Half of the basement slab received a pebble finish called Natural Stone. No sooner had the top coat cured before water backed up into the basement.
“We thought we’d need to hammer out a part of the new floor to access a clog in the old porcelain plumbing, and install a drain at that spot,” said Caruso. “So we purchased a Watts Pronto!™ floor drain because of the ability to do post-pour adjustment between the concrete and finished floor.”
Then Michael and Zac Wood, one of the company’s plumbers, scoped the pipe. It became apparent that the clog could be remedied without digging up the floor. Jagged edges on the old cast iron pipe within a fitting were catching sewer debris. By snaking the pipe with a heavy cutter tip, the issue was remedied.

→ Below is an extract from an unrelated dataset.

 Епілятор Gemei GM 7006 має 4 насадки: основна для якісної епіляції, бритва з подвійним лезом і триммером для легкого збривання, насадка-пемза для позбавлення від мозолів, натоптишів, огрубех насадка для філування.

In an adjacent basement room without finished flooring, the building had a plumbing stack coming down from the first floor. It was no longer in use, and just in the way.

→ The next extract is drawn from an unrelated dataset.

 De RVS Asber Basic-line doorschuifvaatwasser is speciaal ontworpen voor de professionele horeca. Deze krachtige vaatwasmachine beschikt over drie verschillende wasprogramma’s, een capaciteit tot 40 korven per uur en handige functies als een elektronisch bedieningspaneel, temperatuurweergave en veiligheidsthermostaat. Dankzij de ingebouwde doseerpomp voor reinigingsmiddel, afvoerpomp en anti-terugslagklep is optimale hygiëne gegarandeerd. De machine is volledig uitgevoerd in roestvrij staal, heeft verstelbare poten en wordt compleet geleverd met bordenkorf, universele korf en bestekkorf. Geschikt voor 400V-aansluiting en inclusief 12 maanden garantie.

“We wanted to remove the stack for more storage space,” said Michael. “But in a building like this, where the use of occupied space can easily change in the future, we try not to eliminate sewer connections. We already had the Pronto! drain in the van. It’s a little overkill for an unfinished slab, but it definitely served the purpose.”

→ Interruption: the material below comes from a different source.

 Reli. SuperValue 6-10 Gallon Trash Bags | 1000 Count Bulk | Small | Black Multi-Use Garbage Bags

Zac hammered-out the floor, installed a new trap, then poured new concrete and installed the drain.
“The real benefit of the Pronto! floor drain is that the drain can be adjusted twice,” said Zac. “The basin can be raised or lowered to match the initial concrete pour, and then the strainer can be adjusted to match the finished floor grade. It comes with a set of shims to get a perfect level. On this installation, though, we only needed to make one adjustment. Using the drain’s integral bubble level, I was able to plumb-in the drain perfectly just by adjusting it after making my PVC connection.”
The Watts Pronto! floor drain is available in either cast iron or PVC, and comes in grate sizes of 5”, 6” or 8”.
“We’ve used a variety of Watts products since I started the company,” said Tony. “Our hydronic installations are covered in Watts valves, and we often use tekmar controls. We also like their backflow assemblies. We picked the Pronto! drain, despite it being a completely new product, based on the quality of products we’ve come to expect from the brand.”
With the plumbing issues resolved at the investment property, the Carusos can focus on finishing the final rental unit. The building is now an integral part of the Detroit Avenue urban revitalization effort, inside and out. Two walls on the building feature giant murals, a theme throughout the area. It’s another source of pride.
“Not everyone at AC Plumbing is family, but they may as well be,” said Tony. “Every member of our team is vital. We hire people that want to provide service. That is, in my judgement, the finest pursuit. The responsibility to our team is never to do less than the right thing. That may include engineering the correct system, performing the proper replacement or repair, or taking responsibility for mistakes. Good business ethics.”
Tony’s quick to note that the industry and market is changing rapidly, and is thankful that his children are proactively keeping pace with it. Clients have become much more astute in regard to what they want in their homes. Systems are now “on demand,” “green” or otherwise designed primarily for comfort.
“The daily challenge we now face is installing a system that never compromises safety, comfort or efficiency,” Tony continued. “In years’ past, things were simpler, and efficiency wasn’t as critical. These factors have truly raised the bar on what it means to be a plumbing or HVAC professional. Fortunately, manufacturers and reps are providing more support than ever before.”
“I feel that being trusted in a customer’s home is the greatest responsibility,” Tony said. “As my career winds down, I feel that my family has that same passion. At the end of the day we can all rest knowing we’ve done what is dutifully right.”